EXERCISE ▸
The answer should hold only the lines from the one containing "Für einen festlichen" through the one containing "IX Międzynarodowe Sympozjum" in the entries below, copied exactly, without pictures.

RECORDS FOR THIS EXERCISE ▸
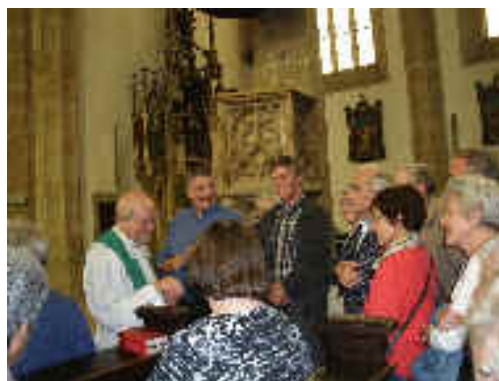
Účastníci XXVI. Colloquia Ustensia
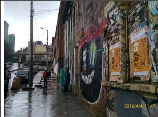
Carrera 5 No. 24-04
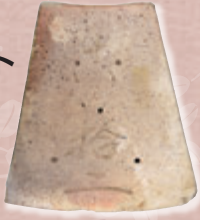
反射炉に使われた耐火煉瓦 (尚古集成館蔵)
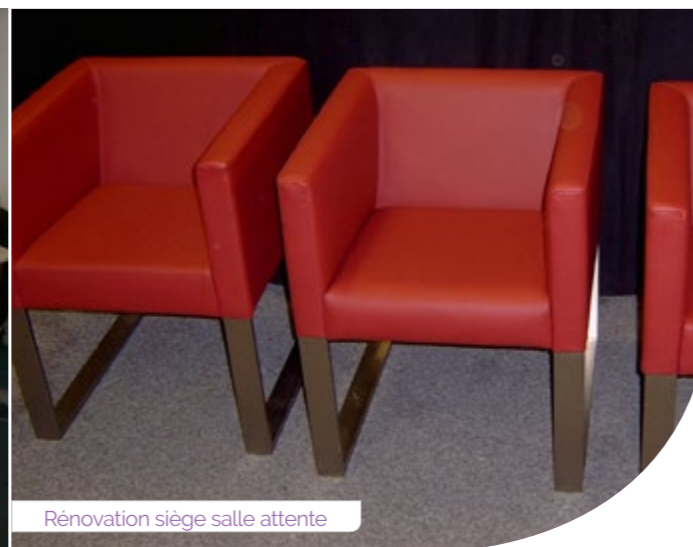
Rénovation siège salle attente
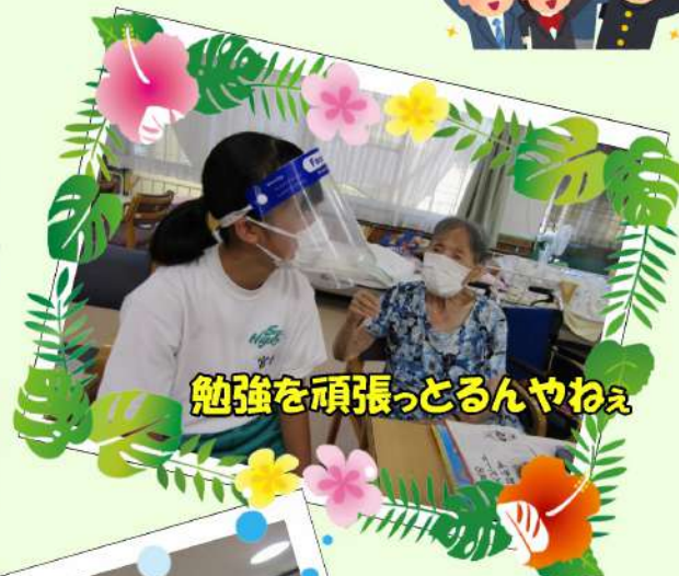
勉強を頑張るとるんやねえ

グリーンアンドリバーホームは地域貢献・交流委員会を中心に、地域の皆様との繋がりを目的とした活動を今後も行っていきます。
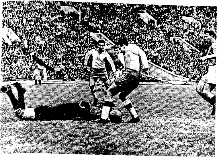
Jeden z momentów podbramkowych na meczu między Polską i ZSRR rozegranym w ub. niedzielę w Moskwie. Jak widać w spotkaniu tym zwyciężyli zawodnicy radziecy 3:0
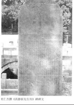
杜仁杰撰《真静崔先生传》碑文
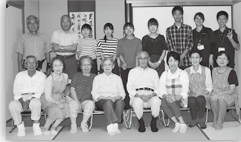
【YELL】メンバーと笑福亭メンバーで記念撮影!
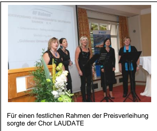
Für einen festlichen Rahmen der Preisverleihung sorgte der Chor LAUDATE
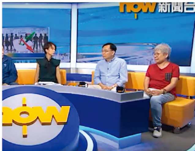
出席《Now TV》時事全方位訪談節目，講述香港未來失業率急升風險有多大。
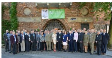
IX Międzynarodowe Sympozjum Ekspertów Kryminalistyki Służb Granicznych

---

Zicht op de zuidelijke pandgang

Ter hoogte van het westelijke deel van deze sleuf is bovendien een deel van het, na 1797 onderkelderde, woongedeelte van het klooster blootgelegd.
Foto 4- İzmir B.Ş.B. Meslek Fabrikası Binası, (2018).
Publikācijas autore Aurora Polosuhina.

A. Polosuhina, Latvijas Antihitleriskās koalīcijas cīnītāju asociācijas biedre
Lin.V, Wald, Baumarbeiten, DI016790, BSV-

---

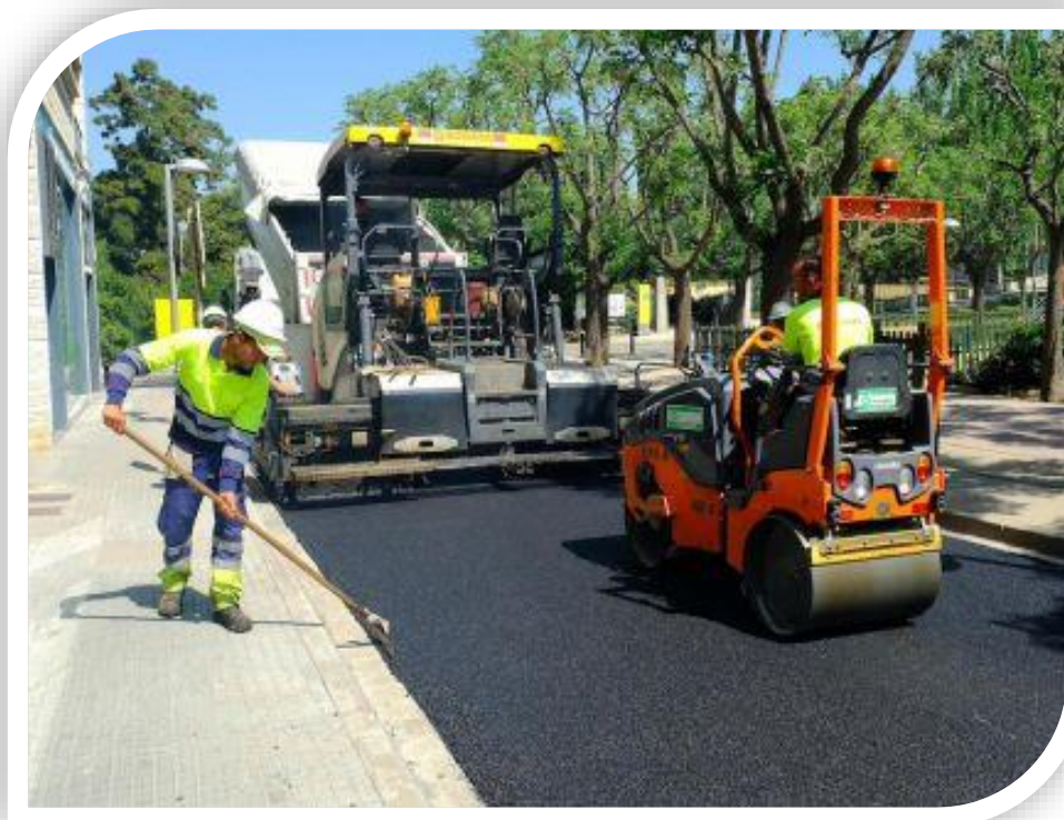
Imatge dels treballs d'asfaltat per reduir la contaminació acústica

RESPONSE FOR THIS EXERCISE ▸
Für einen festlichen Rahmen der Preisverleihung sorgte der Chor LAUDATE
出席《Now TV》時事全方位訪談節目，講述香港未來失業率急升風險有多大。
IX Międzynarodowe Sympozjum Ekspertów Kryminalistyki Służb Granicznych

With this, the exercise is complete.